> **Exercise**: Output exactly the lines below, starting with the line that has "Four paintings depicting" and going on through the line that has "会议主要有三项内容。首先进行", both included, and no other lines.
==== Information provided ====
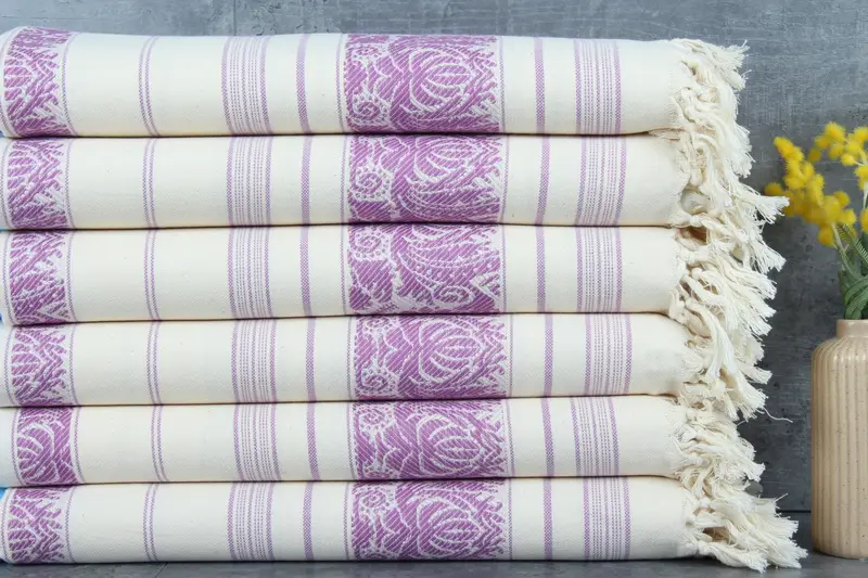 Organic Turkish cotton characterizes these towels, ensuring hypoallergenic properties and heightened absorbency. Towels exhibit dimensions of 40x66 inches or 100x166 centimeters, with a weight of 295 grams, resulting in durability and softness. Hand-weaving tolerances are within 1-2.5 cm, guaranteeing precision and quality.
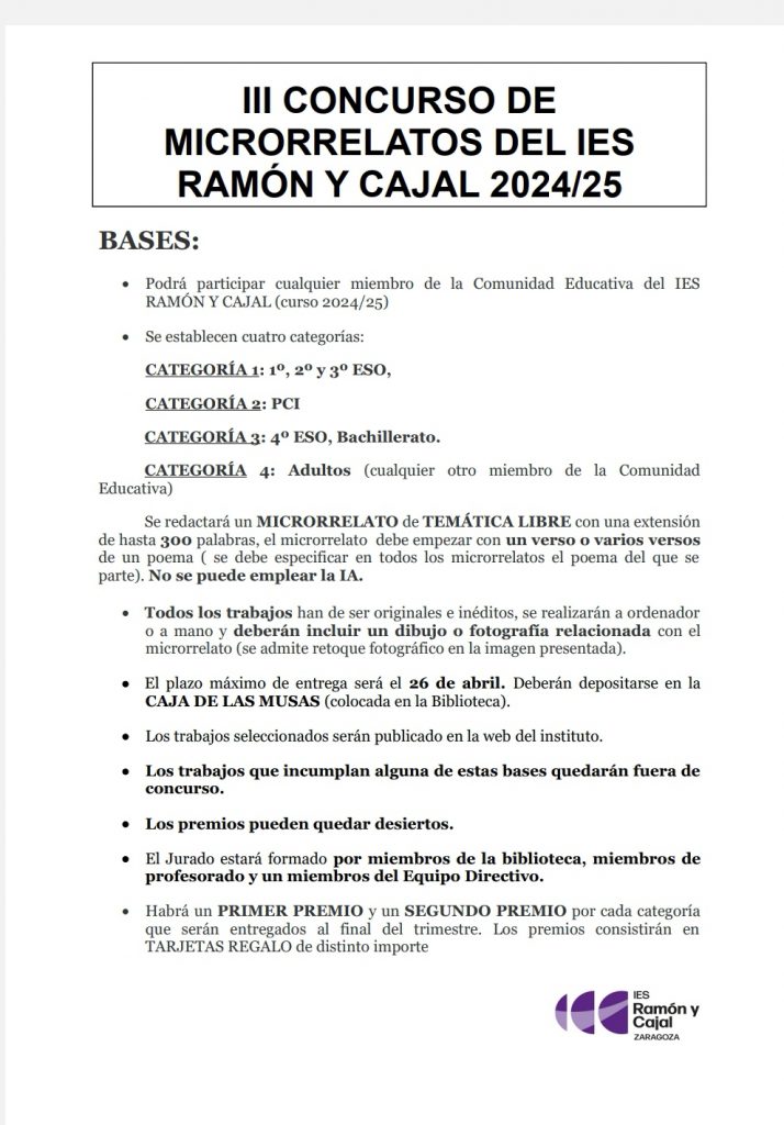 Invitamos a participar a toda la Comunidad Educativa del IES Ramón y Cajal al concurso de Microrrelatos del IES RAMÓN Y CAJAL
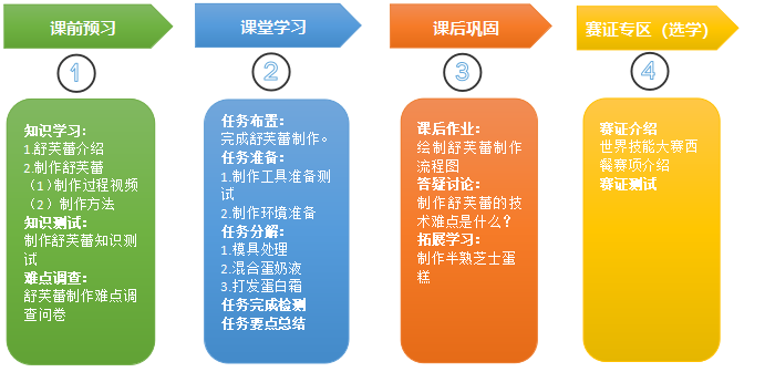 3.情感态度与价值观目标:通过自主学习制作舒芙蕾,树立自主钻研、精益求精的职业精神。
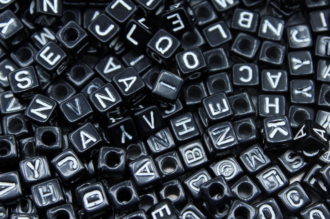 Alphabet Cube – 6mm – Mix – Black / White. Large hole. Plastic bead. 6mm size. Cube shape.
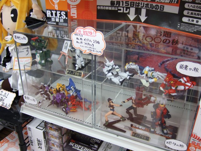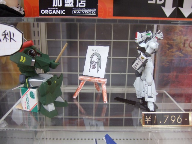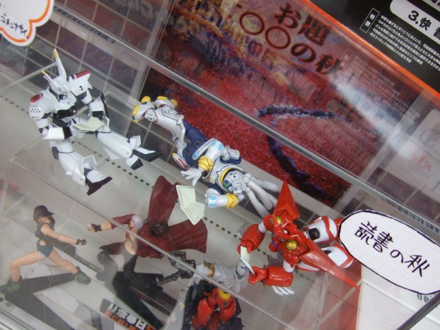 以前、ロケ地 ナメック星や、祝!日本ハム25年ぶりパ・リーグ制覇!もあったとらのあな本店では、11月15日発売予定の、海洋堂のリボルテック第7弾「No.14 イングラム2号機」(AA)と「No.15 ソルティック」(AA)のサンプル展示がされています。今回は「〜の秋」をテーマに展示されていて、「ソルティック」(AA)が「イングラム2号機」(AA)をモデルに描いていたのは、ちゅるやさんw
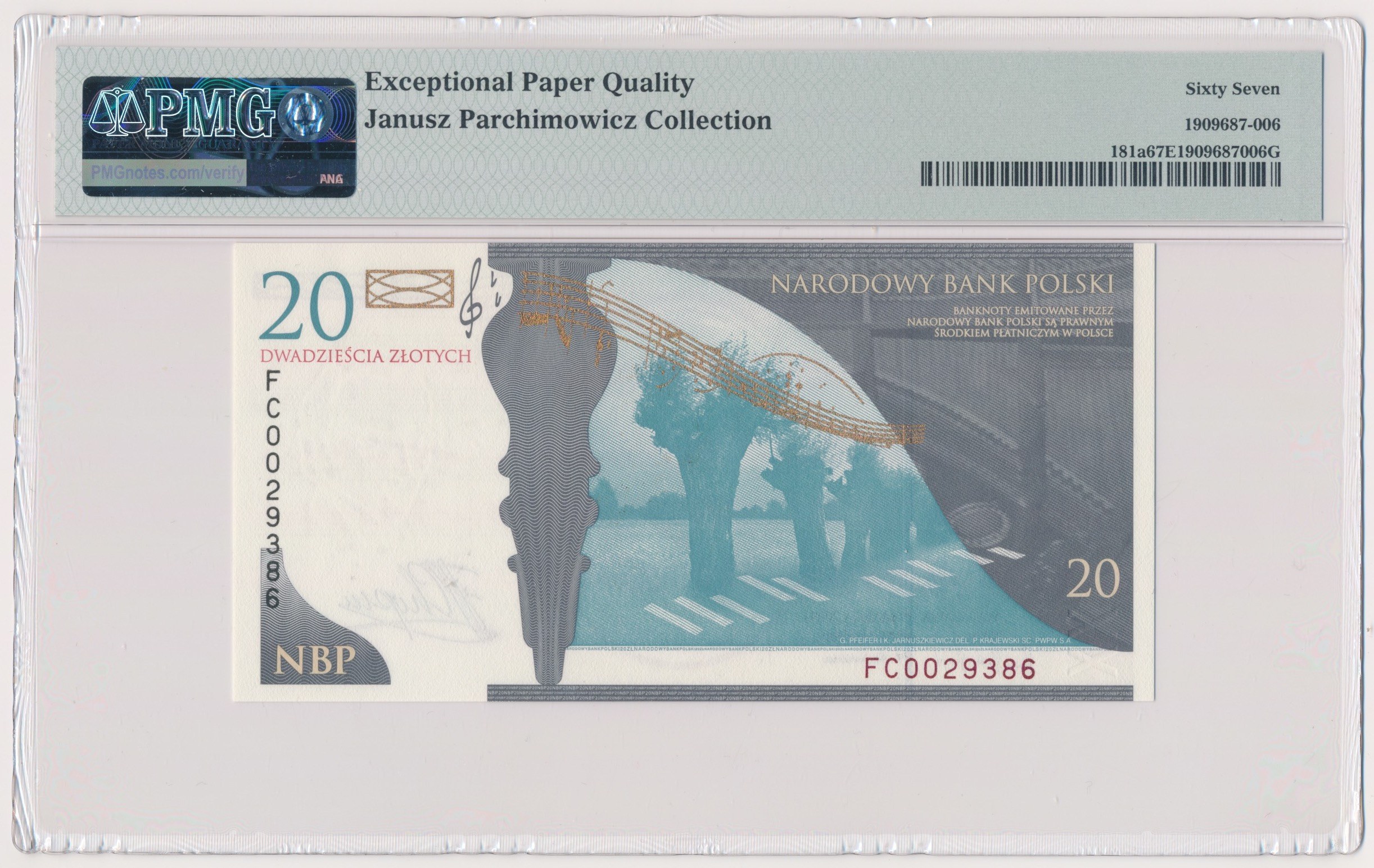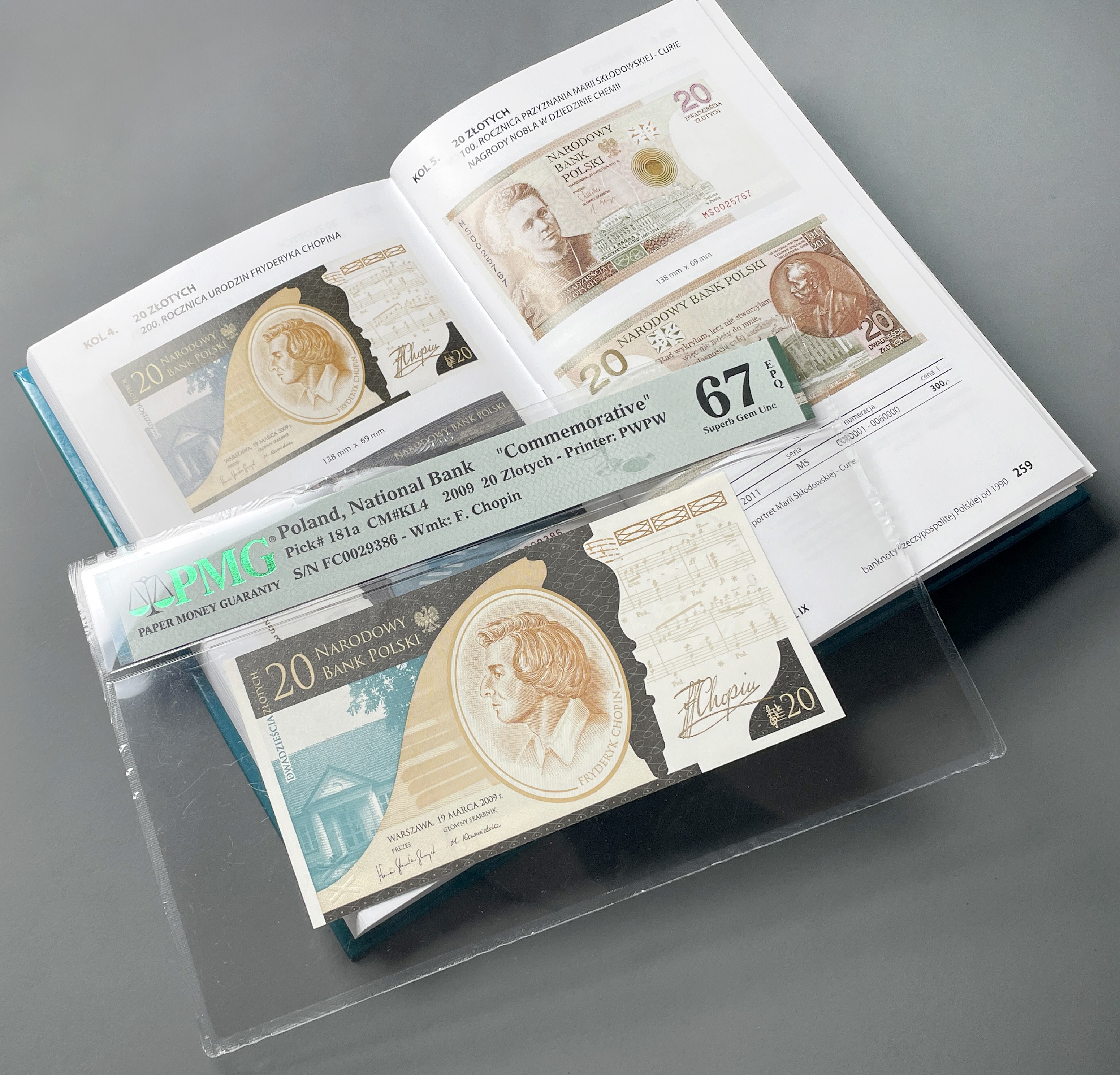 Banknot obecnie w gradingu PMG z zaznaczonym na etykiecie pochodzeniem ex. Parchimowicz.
====
==== Information provided ====
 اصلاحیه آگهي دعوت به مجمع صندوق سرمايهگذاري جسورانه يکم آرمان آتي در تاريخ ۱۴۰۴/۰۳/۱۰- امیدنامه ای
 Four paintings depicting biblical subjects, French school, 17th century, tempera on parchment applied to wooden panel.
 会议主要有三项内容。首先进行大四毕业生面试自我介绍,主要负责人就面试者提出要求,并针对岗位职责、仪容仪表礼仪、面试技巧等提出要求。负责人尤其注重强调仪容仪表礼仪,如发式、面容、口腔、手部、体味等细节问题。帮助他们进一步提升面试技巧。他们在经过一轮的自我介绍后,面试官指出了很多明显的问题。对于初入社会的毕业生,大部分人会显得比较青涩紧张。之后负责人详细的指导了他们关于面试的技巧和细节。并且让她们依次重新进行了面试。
====
> **Written response**:
 Four paintings depicting biblical subjects, French school, 17th century, tempera on parchment applied to wooden panel.
 会议主要有三项内容。首先进行大四毕业生面试自我介绍,主要负责人就面试者提出要求,并针对岗位职责、仪容仪表礼仪、面试技巧等提出要求。负责人尤其注重强调仪容仪表礼仪,如发式、面容、口腔、手部、体味等细节问题。帮助他们进一步提升面试技巧。他们在经过一轮的自我介绍后,面试官指出了很多明显的问题。对于初入社会的毕业生,大部分人会显得比较青涩紧张。之后负责人详细的指导了他们关于面试的技巧和细节。并且让她们依次重新进行了面试。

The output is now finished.